>>>>>

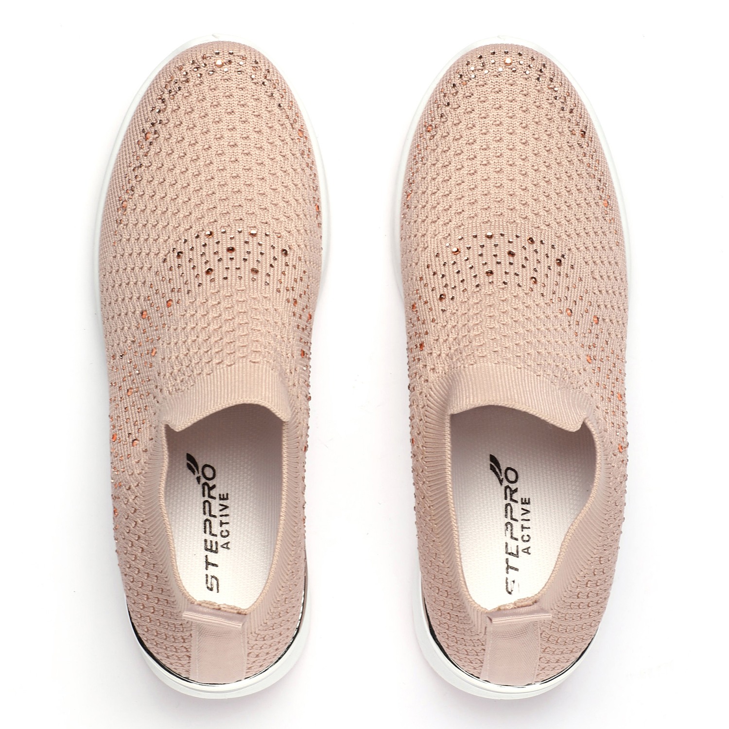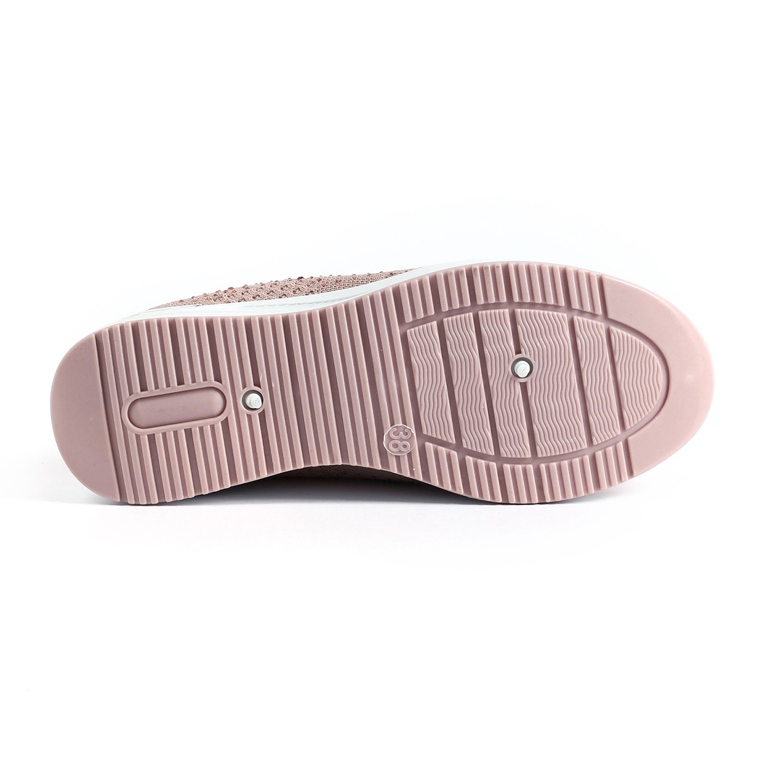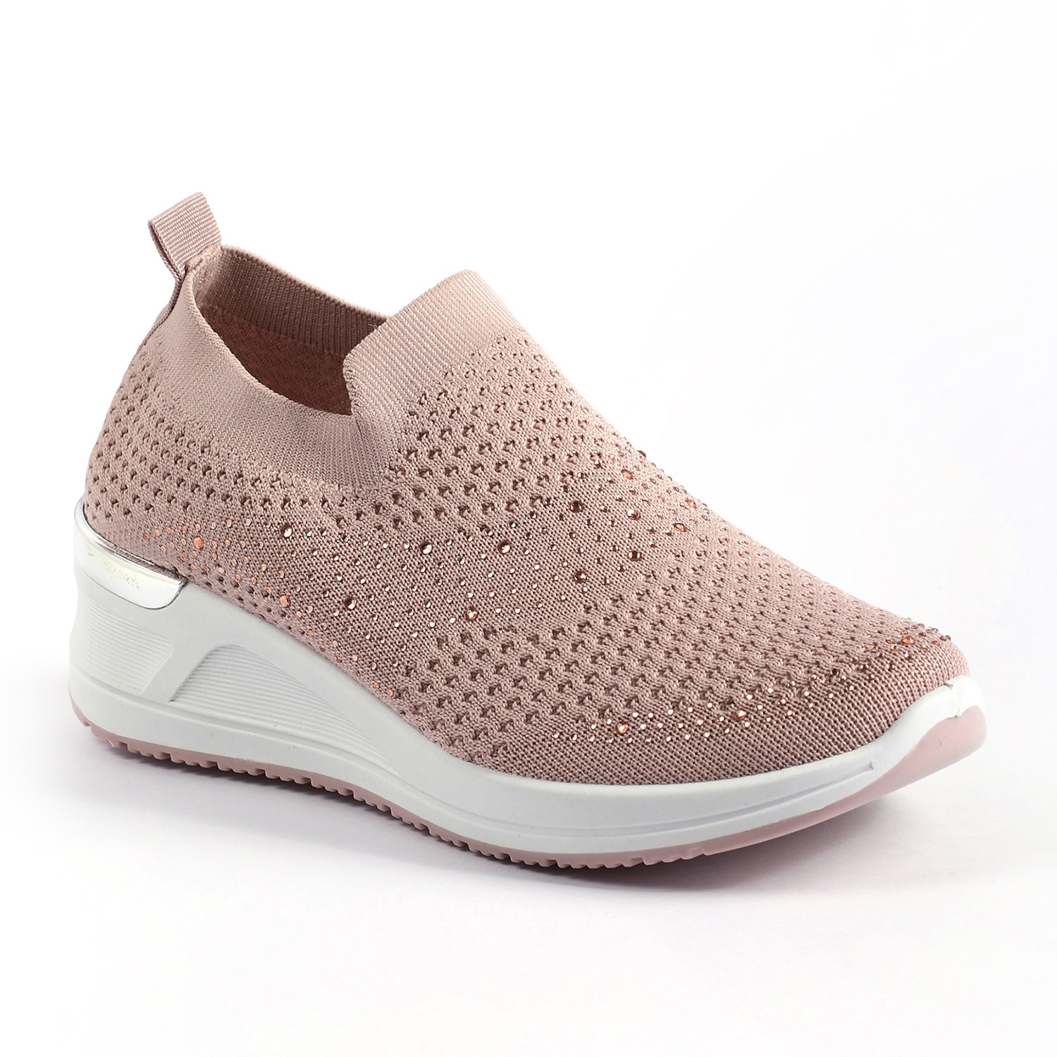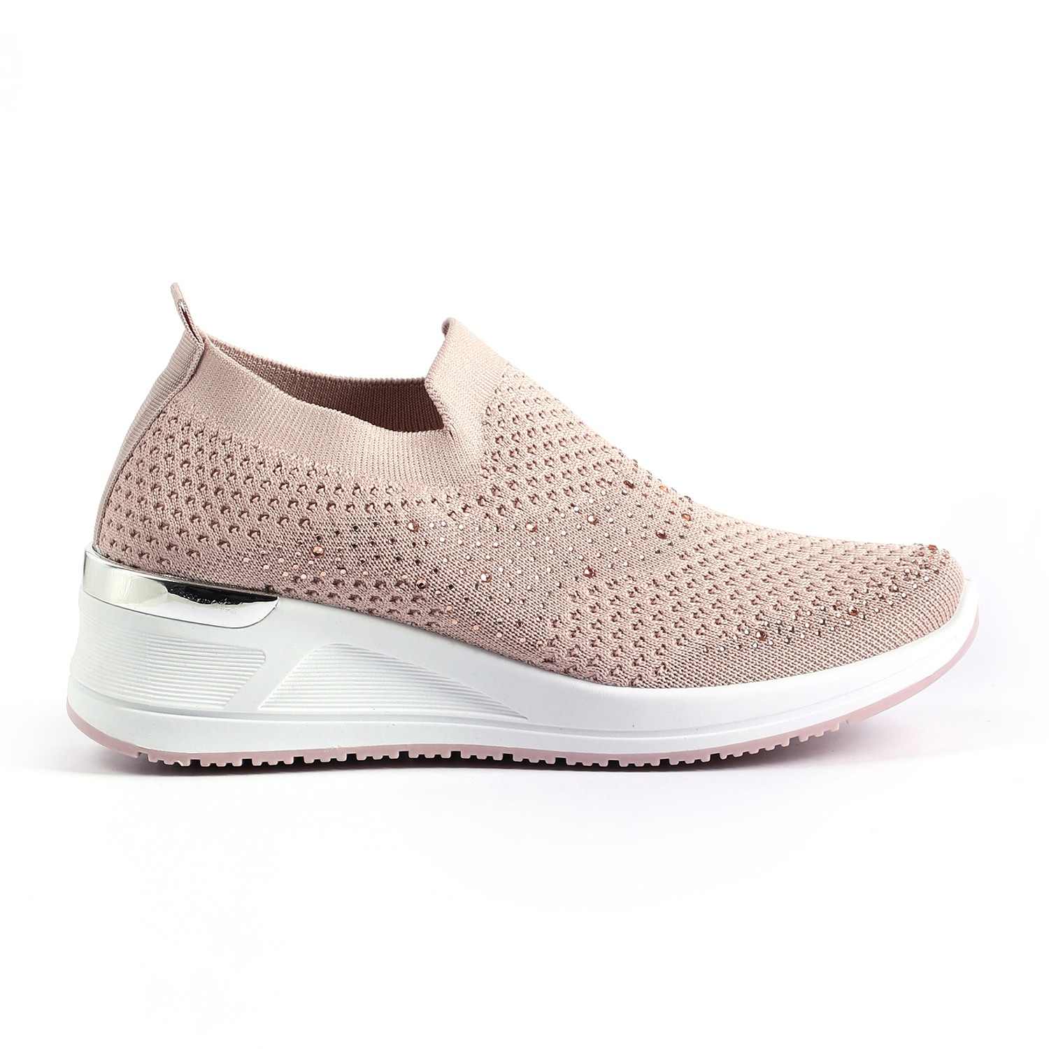 Step out in brilliant style and plush comfort with our Dazzling Pink Comfort Sneakers. These women's slip-on knit sneakers feature a charming light pink hue, exquisitely adorned with sparkling rhinestones or embellishments across the upper for a truly dazzling effect. Designed for effortless wear, they are set on a chunky white sole with subtle black detailing, providing exceptional cushioning and support with every step. Perfect for adding a glamorous touch to your casual wardrobe while ensuring all-day ease
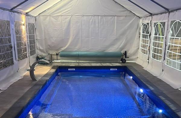 - בריכת שחיה גדולה בנויה, צלולה מרעננת עם מפל מים
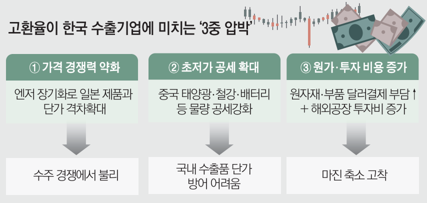 이 같은 경쟁 압박 속에서 국내 기업의 원가 부담은 고환율로 더 커지고 있다. 달러로 결제되는 원자재·부품 가격이 치솟으며 수출 마진이 빠르게 악화하는 악순환이 반복되고 있다. 수출 기업 관계자는 “판매가격을 올리고 싶어도 일본·중국 업체가 버티고 있어 단가 인상이 사실상 불가능하다”며 “환율이 올라가도 남는 게 없는 상황”이라고 말했다.
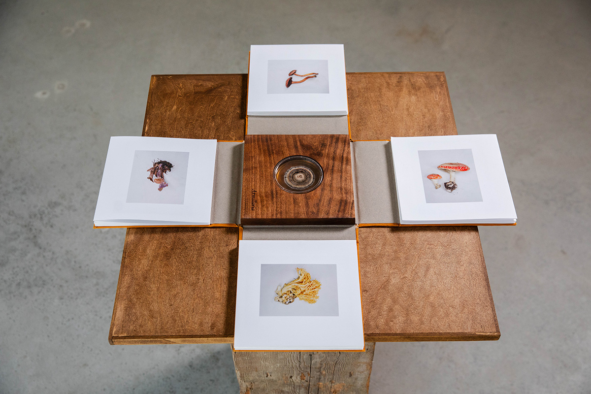 A series exploring the largest living organism in the world by photographer Jonah Reenders. Reenders studied Environmental Science and worked as a field biologist for almost a decade. As an artist he is interested in the relationship between humanity and the natural world, collecting data through imagery to weave together narratives that question our ecological understanding. “Armillaria” explores queer ecology by investigating the Armillaria ostoyae or humongous fungus. Found in the Malheur National Forest, the fungi is estimated to be 10,000 years old. Reenders collected some mycelium and has been documenting its growth in agar plates. Using constructed narratives and explorations into the psychic landscape, this project seeks to understand our symbiotic relationship to ecological networks.
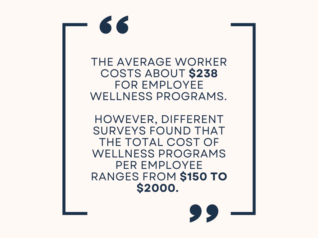 The average worker costs about $238 for employee wellness programs. However, different surveys found that the total cost of wellness programs per employee ranges from $150 to $2000.
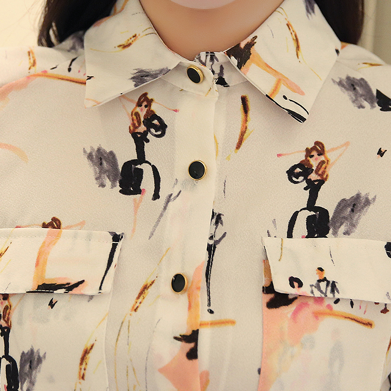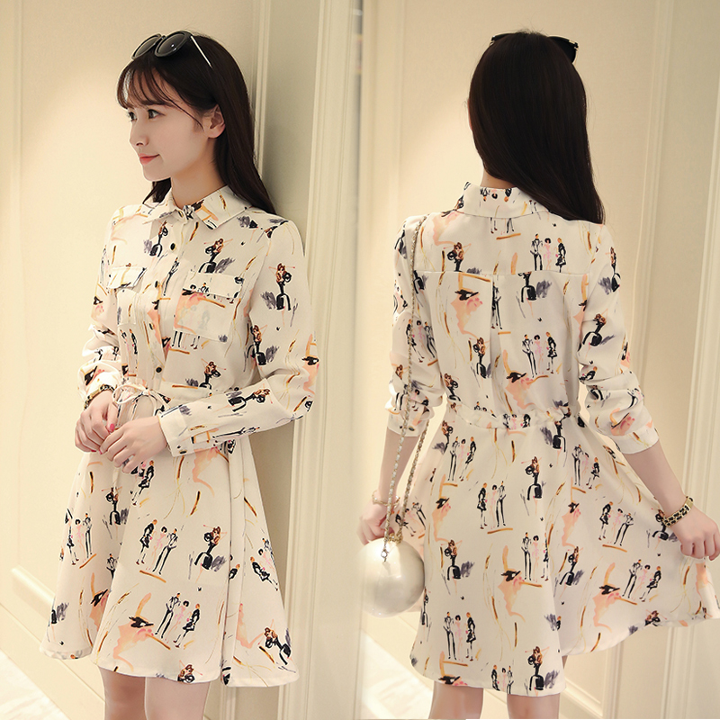 / 春裝新款女裝韓版翻領抽象印花長袖顯瘦襯衫連衣裙修身公主裙
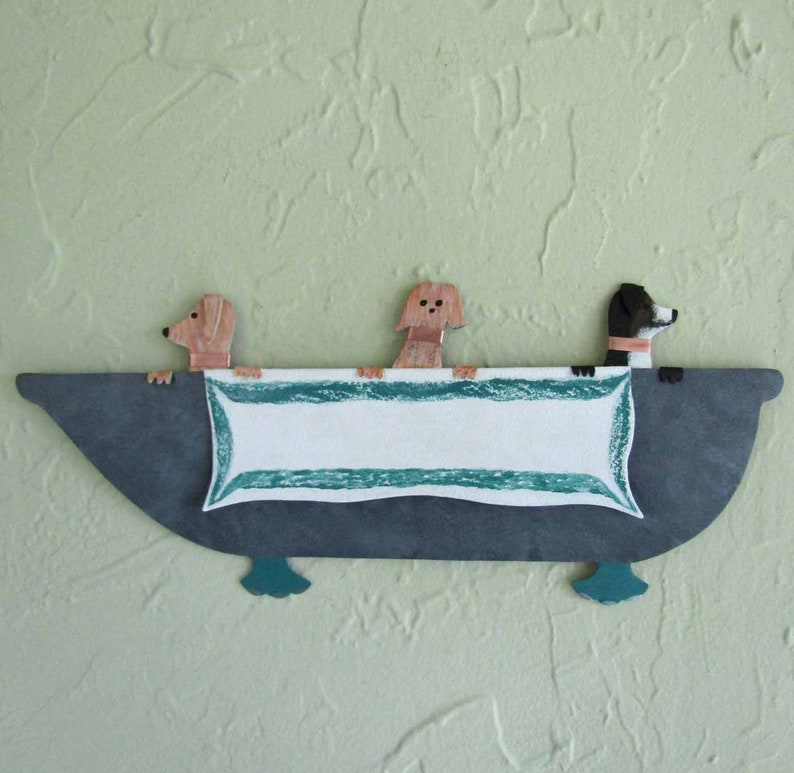 Bathtub Bathroom Decor Metal Wall Art Doggy Decor Three Dogs Etsy
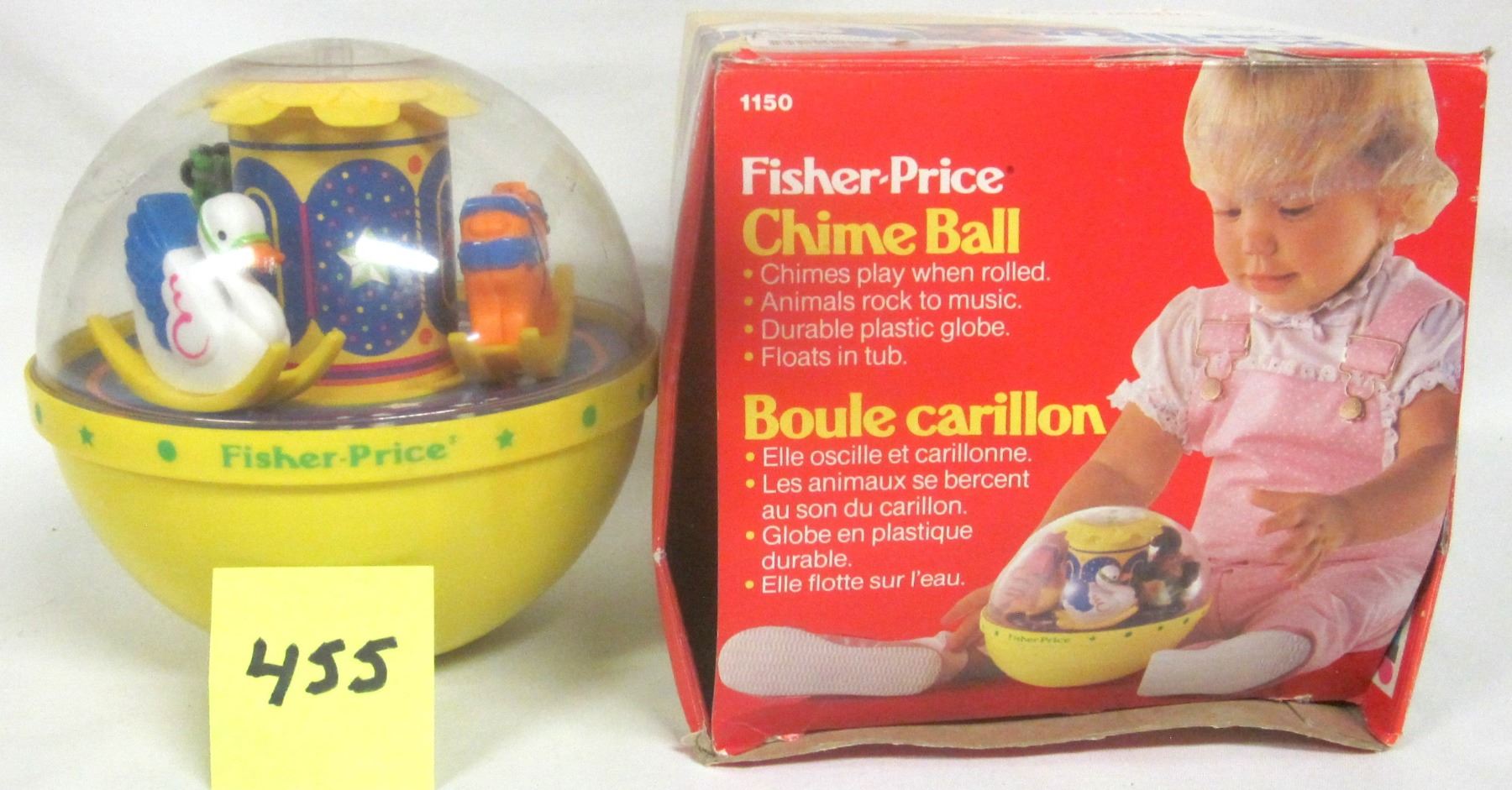 Vintage 1973 Fisher Price #1150 Floating Plastic Roly Poly Chime Ball w/ Original Box
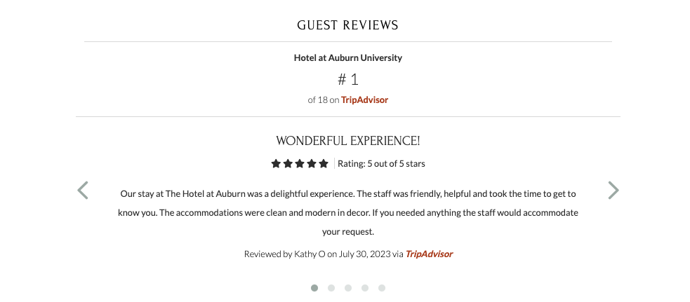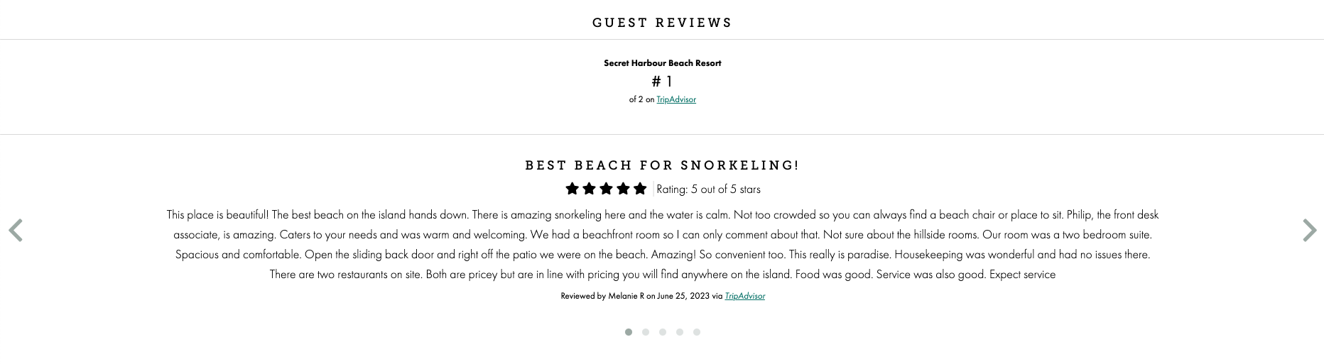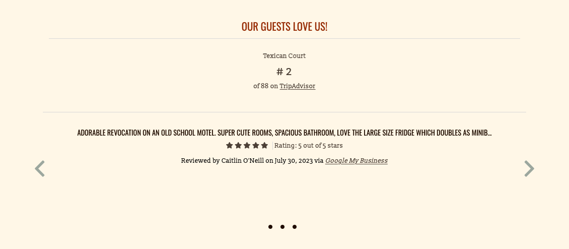 Feeds in the latest reviews from sources like Expedia, TripAdvisor, Booking.com, Hotels.com, Google My Business, Yelp, and OpenTable. Filters are available to only show positive reviews. For instance only showing reviews with ratings greater than 3 stars and that don't contain the words "horrible", "bad" etc.
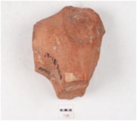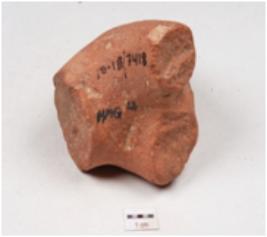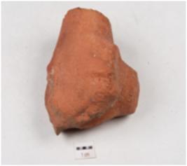 | Description / विवरण | Fragment of terracotta hind portion of animal figurine with smooth surface, red slipped and legs are partly broken. |
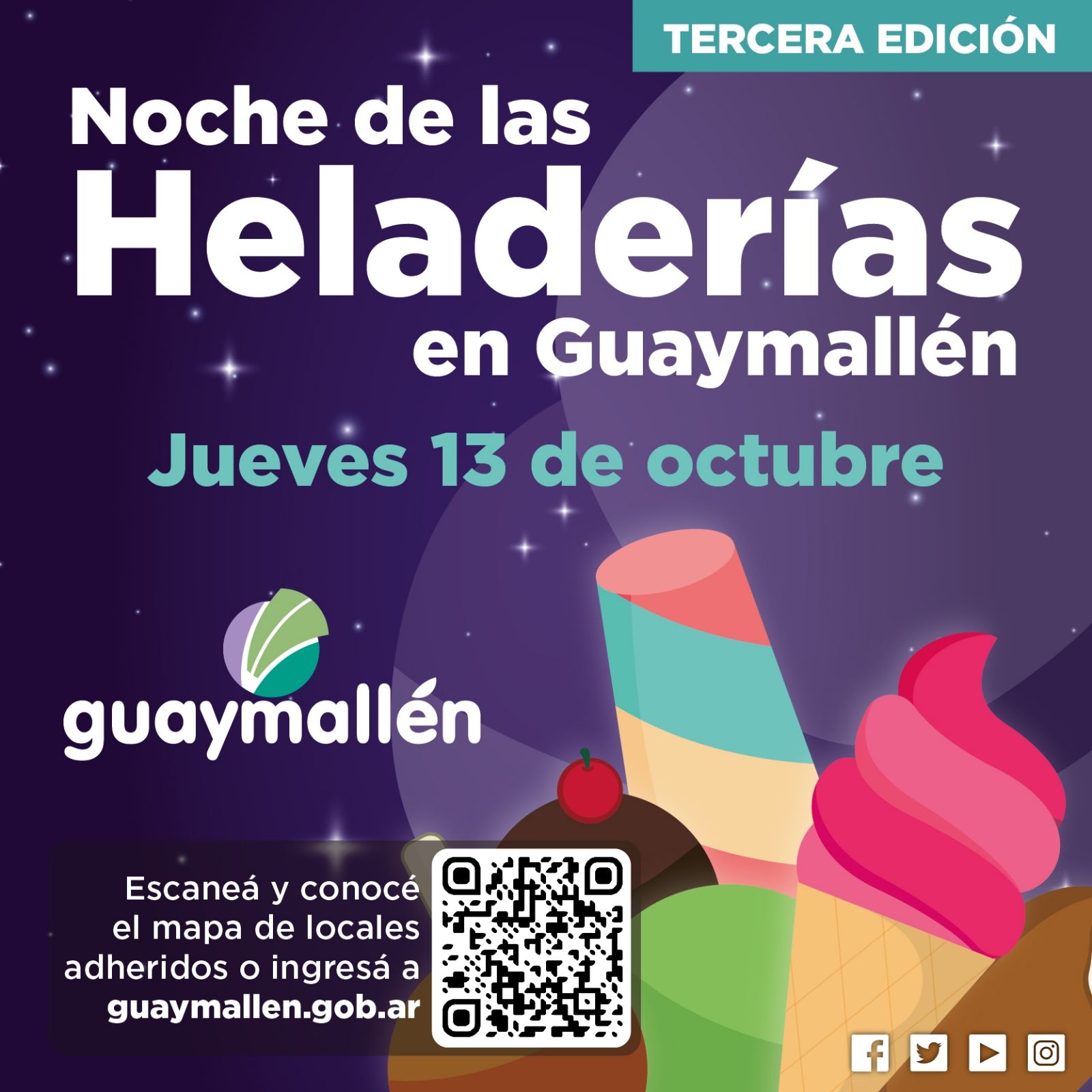 Con el fin de promover el desarrollo económico y comercial, la Municipalidad de Guaymallén celebra este jueves 13 de octubre la tercera “Noche de las heladerías”. Será desde las 19, con la adhesión de una gran cantidad de locales gastronómicos del departamento dedicados al rubro del helado que ofrecerán importantes beneficios.

<<<<<

What needs to be done: All of the material above must be retyped exactly, line for line, with the images dropped.

Response:
 Step out in brilliant style and plush comfort with our Dazzling Pink Comfort Sneakers. These women's slip-on knit sneakers feature a charming light pink hue, exquisitely adorned with sparkling rhinestones or embellishments across the upper for a truly dazzling effect. Designed for effortless wear, they are set on a chunky white sole with subtle black detailing, providing exceptional cushioning and support with every step. Perfect for adding a glamorous touch to your casual wardrobe while ensuring all-day ease
 - בריכת שחיה גדולה בנויה, צלולה מרעננת עם מפל מים
 이 같은 경쟁 압박 속에서 국내 기업의 원가 부담은 고환율로 더 커지고 있다. 달러로 결제되는 원자재·부품 가격이 치솟으며 수출 마진이 빠르게 악화하는 악순환이 반복되고 있다. 수출 기업 관계자는 “판매가격을 올리고 싶어도 일본·중국 업체가 버티고 있어 단가 인상이 사실상 불가능하다”며 “환율이 올라가도 남는 게 없는 상황”이라고 말했다.
 A series exploring the largest living organism in the world by photographer Jonah Reenders. Reenders studied Environmental Science and worked as a field biologist for almost a decade. As an artist he is interested in the relationship between humanity and the natural world, collecting data through imagery to weave together narratives that question our ecological understanding. “Armillaria” explores queer ecology by investigating the Armillaria ostoyae or humongous fungus. Found in the Malheur National Forest, the fungi is estimated to be 10,000 years old. Reenders collected some mycelium and has been documenting its growth in agar plates. Using constructed narratives and explorations into the psychic landscape, this project seeks to understand our symbiotic relationship to ecological networks.
 The average worker costs about $238 for employee wellness programs. However, different surveys found that the total cost of wellness programs per employee ranges from $150 to $2000.
 / 春裝新款女裝韓版翻領抽象印花長袖顯瘦襯衫連衣裙修身公主裙
 Bathtub Bathroom Decor Metal Wall Art Doggy Decor Three Dogs Etsy
 Vintage 1973 Fisher Price #1150 Floating Plastic Roly Poly Chime Ball w/ Original Box
 Feeds in the latest reviews from sources like Expedia, TripAdvisor, Booking.com, Hotels.com, Google My Business, Yelp, and OpenTable. Filters are available to only show positive reviews. For instance only showing reviews with ratings greater than 3 stars and that don't contain the words "horrible", "bad" etc.
 | Description / विवरण | Fragment of terracotta hind portion of animal figurine with smooth surface, red slipped and legs are partly broken. |
 Con el fin de promover el desarrollo económico y comercial, la Municipalidad de Guaymallén celebra este jueves 13 de octubre la tercera “Noche de las heladerías”. Será desde las 19, con la adhesión de una gran cantidad de locales gastronómicos del departamento dedicados al rubro del helado que ofrecerán importantes beneficios.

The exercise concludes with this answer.